Discussion:
Surgical evacuation has been the mainstay of treatment for CSDH, especially if the hematoma is large and the patient shows significant neurological symptoms, a mass effect, or a significant midline shift. However, there have been some reports of spontaneous resolution of CSDH over the years, and some interesting theories behind their resolution have been proposed. None of these reports include a patient who develops a CSDH specifically as a complication following VPS placement. This case presents a unique scenario where a programmable ventriculoperitoneal shunt (VPS) used to treat hydrocephalus led to the development of a CSDH, which resolved spontaneously after adjusting the shunt pressure. We discovered a possible intervention that could save the patient from further morbidity by excluding the need for further surgery.

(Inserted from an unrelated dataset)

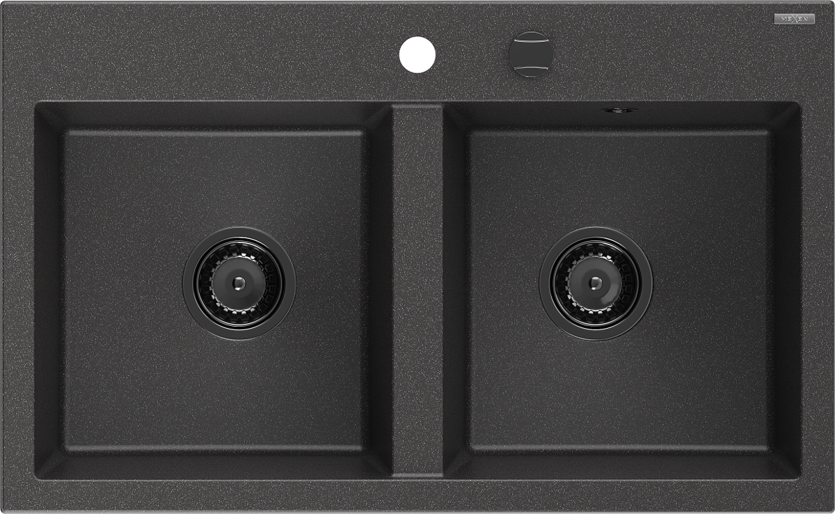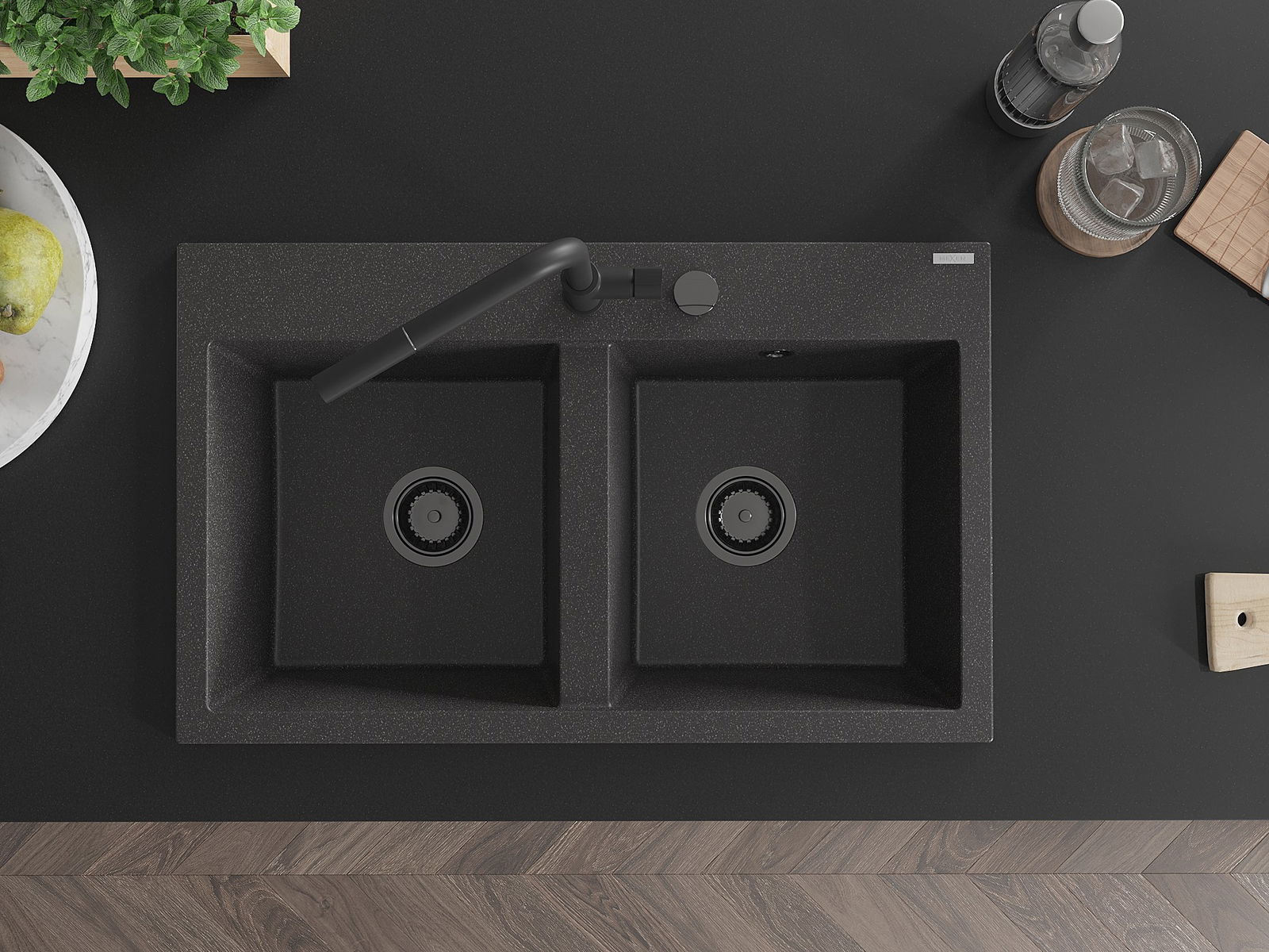 Mexen Hektor granitinė plautuvė su dviem kameromis 800 x 480 mm, juoda su taškeliais, juodas sifonas - 6521802000-76-B

Keywords: Normal-pressure hydrocephalus, Chronic Subdural Hematoma, Ventriculoperitoneal shunt, programmable VP shunt.
Introduction :
Normal-pressure hydrocephalus (NPH) is characterized by the triad, including confusion, magnetic gait, and urinary incontinence caused by a gradual blockage of cerebrospinal fluid (CSF) drainage. NPH is usually idiopathic, but its etiology remains largely unknown. Management of patients with NPH involves the placement of a ventriculoperitoneal shunt to aid CSF drainage [1]. The placement of adjustable shunt valves enables easy, non-invasive adjustments in the amount of CSF drainage to maximize symptom relief and minimize over-drainage, thus reducing the need for repeated surgical interventions to manage shunt pressure with fixed pressure valves. Chronic Subdural Hematoma (CSDH) is a known complication in patients undergoing VP shunt placement for NPH [2]. The risk of CSDH underscores the importance of carefully managing CSF drainage in NPH patients. The advent of adjustable VP shunt valves has transformed the management of NPH [3]. These devices offer the advantage of non-invasive adjustments in CSF drainage rates, enabling healthcare providers to fine-tune the shunt’s performance according to the patient’s evolving condition. Herein, we are reporting a rare case of CSDH, which was resolved following the placement of a programmable VP shunt. The work has been reported per the SCARE criteria [4].